The use of insulin preparations should imitate the rhythm of natural insulin secretion, for which insulin preparations of different durations of action are used. Typically, long-acting insulin is used in the morning, and short-acting insulin is used three times a day, 15-20 minutes before meals. Skipping meals is strictly not recommended.
Insulin preparations are administered subcutaneously using a disposable plastic syringe or syringe pen with replaceable cartridges. Patients need to have 2 syringe pens - one for short-acting insulin, the other for long-acting insulin.
In emergency cases (hyperglycemic coma), intravenous administration of short-acting insulin is acceptable.
In the treatment of type 2 diabetes, in addition to medications, diet and regular moderate exercise are important.
The effect of drugs of this pharmacological group is maintained only with regular use, therefore synthetic antidiabetic drugs are taken constantly for a long time (most often for life).
Almost all synthetic antidiabetic drugs are used orally.
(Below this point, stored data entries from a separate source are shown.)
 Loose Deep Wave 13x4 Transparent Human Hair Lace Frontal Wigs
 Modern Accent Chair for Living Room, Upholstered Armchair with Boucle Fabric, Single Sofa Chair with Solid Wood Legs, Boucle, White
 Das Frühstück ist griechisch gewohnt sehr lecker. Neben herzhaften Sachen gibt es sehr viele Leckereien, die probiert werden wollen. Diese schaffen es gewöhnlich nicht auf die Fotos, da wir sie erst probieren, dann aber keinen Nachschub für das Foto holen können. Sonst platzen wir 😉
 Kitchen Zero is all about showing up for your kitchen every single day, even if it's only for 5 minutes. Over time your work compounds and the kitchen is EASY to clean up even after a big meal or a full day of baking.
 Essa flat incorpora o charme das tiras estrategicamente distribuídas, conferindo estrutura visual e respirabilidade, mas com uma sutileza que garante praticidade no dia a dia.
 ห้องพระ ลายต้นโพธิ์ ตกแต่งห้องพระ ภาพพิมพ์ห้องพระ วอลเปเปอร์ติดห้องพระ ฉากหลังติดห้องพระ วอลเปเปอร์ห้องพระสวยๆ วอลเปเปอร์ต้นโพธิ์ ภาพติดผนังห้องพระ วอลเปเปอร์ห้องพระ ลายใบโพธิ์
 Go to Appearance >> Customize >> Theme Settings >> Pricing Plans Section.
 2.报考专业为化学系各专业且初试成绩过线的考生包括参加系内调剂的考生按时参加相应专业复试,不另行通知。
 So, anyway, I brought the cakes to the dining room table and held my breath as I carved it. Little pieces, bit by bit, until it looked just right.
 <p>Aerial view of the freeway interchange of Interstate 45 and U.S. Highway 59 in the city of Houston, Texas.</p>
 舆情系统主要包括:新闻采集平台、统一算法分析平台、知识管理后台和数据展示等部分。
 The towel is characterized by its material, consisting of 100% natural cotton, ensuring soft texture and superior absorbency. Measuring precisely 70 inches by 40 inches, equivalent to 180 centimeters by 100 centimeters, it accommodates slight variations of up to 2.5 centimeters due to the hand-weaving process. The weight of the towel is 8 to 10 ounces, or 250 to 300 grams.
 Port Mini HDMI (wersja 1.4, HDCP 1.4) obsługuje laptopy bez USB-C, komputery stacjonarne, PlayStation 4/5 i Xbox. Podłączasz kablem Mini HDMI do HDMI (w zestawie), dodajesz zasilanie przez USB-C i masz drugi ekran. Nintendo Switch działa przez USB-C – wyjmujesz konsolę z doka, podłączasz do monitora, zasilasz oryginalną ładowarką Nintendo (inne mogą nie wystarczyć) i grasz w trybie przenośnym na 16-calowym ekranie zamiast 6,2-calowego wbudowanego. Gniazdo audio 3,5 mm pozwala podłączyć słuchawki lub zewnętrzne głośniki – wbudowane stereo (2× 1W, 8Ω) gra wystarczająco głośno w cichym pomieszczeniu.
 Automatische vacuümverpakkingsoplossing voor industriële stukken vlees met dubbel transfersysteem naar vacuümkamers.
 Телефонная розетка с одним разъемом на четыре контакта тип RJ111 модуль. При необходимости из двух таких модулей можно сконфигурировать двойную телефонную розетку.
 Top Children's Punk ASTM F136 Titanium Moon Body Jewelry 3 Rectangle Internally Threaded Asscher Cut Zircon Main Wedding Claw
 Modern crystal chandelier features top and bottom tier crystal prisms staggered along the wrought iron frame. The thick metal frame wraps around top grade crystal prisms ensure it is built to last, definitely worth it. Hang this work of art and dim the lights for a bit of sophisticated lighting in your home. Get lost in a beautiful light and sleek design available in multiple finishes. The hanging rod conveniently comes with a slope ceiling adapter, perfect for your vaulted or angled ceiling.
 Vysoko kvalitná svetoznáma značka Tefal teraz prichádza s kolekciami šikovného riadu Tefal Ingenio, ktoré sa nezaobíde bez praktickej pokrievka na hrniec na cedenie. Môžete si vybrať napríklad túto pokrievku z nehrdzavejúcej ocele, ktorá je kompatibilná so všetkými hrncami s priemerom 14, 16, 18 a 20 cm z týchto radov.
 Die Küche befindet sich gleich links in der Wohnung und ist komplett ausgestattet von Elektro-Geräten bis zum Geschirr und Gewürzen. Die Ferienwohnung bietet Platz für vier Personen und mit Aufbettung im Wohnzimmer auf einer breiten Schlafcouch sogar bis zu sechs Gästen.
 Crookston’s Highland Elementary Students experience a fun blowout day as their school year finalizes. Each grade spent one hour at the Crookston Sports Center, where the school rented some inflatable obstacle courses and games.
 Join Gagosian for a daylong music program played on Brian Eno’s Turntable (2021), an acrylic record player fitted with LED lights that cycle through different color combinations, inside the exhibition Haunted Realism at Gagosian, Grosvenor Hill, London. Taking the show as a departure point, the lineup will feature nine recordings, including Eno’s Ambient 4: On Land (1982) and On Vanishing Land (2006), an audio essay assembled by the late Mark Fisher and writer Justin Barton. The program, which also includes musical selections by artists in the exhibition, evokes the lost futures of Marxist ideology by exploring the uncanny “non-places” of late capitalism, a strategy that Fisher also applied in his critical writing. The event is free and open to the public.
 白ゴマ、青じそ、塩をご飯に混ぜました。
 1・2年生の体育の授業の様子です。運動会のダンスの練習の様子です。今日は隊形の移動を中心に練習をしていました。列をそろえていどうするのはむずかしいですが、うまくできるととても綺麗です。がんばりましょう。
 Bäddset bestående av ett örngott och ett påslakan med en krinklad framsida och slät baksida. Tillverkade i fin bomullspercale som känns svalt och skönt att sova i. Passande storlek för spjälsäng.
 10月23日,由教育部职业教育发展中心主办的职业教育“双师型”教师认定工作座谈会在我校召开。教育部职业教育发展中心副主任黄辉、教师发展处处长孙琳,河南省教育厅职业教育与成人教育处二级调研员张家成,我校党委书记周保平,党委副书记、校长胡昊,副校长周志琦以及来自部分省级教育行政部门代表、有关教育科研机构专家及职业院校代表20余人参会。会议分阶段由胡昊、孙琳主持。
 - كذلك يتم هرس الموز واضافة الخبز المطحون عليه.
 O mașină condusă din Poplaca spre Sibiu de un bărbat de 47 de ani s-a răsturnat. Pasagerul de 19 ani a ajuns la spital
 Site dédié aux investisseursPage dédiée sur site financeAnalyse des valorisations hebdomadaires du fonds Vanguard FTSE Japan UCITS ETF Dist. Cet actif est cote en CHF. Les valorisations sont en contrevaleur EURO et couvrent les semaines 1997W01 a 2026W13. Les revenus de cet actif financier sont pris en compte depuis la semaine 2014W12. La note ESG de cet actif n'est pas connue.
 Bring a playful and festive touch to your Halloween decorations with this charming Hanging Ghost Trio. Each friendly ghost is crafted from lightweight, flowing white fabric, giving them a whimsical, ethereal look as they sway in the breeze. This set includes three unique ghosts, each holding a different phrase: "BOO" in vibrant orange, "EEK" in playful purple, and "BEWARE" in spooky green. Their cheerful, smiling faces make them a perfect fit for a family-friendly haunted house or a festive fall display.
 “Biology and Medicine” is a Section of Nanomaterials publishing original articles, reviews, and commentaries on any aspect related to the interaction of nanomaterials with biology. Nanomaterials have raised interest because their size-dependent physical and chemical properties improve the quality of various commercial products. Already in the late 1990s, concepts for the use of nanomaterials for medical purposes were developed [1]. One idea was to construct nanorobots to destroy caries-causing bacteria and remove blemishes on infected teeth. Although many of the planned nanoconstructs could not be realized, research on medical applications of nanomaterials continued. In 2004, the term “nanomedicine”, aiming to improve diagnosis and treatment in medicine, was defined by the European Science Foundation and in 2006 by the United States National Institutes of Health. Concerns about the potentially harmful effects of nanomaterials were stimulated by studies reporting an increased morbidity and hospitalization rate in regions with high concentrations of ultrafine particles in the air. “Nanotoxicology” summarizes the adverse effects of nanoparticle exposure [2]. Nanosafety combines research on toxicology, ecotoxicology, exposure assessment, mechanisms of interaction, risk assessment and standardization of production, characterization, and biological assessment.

The exception is type 1 glucagon-like peptide analogues, which are administered subcutaneously.
Control issues
Young patients should be warned that good metabolic control helps prevent long-term complications. To monitor the course of the disease, it is necessary to conduct a regular medical examination, including assessment of the condition of the fundus, assessment of pulsation in the arteries of the feet, sensitivity of the feet, determination of a number of laboratory indicators (levels of glycated hemoglobin, lipids, creatinine, glomerular filtration rate, etc.).
Self-monitoring is a good way to actively involve the patient in the treatment process. It includes self-measurement of blood glucose levels, monitoring of body weight, self-measurement of blood pressure, and daily foot examination. The frequency of self-measurement of blood glucose during the treatment of PSSP is determined individually and depends on the initial level of glycemic control, but at least 1-2 times a week before and 2 hours after meals. It is necessary to notify the patient at what glycemic levels he needs to see a doctor.
For older patients, self-monitoring should focus on the absence of symptoms of high blood sugar. Self-administered tests may be useful if you feel unwell.
It is important to note that blood sugar and glycated hemoglobin levels will be regularly assessed during visits to the doctor and reflect the results of the patient's efforts.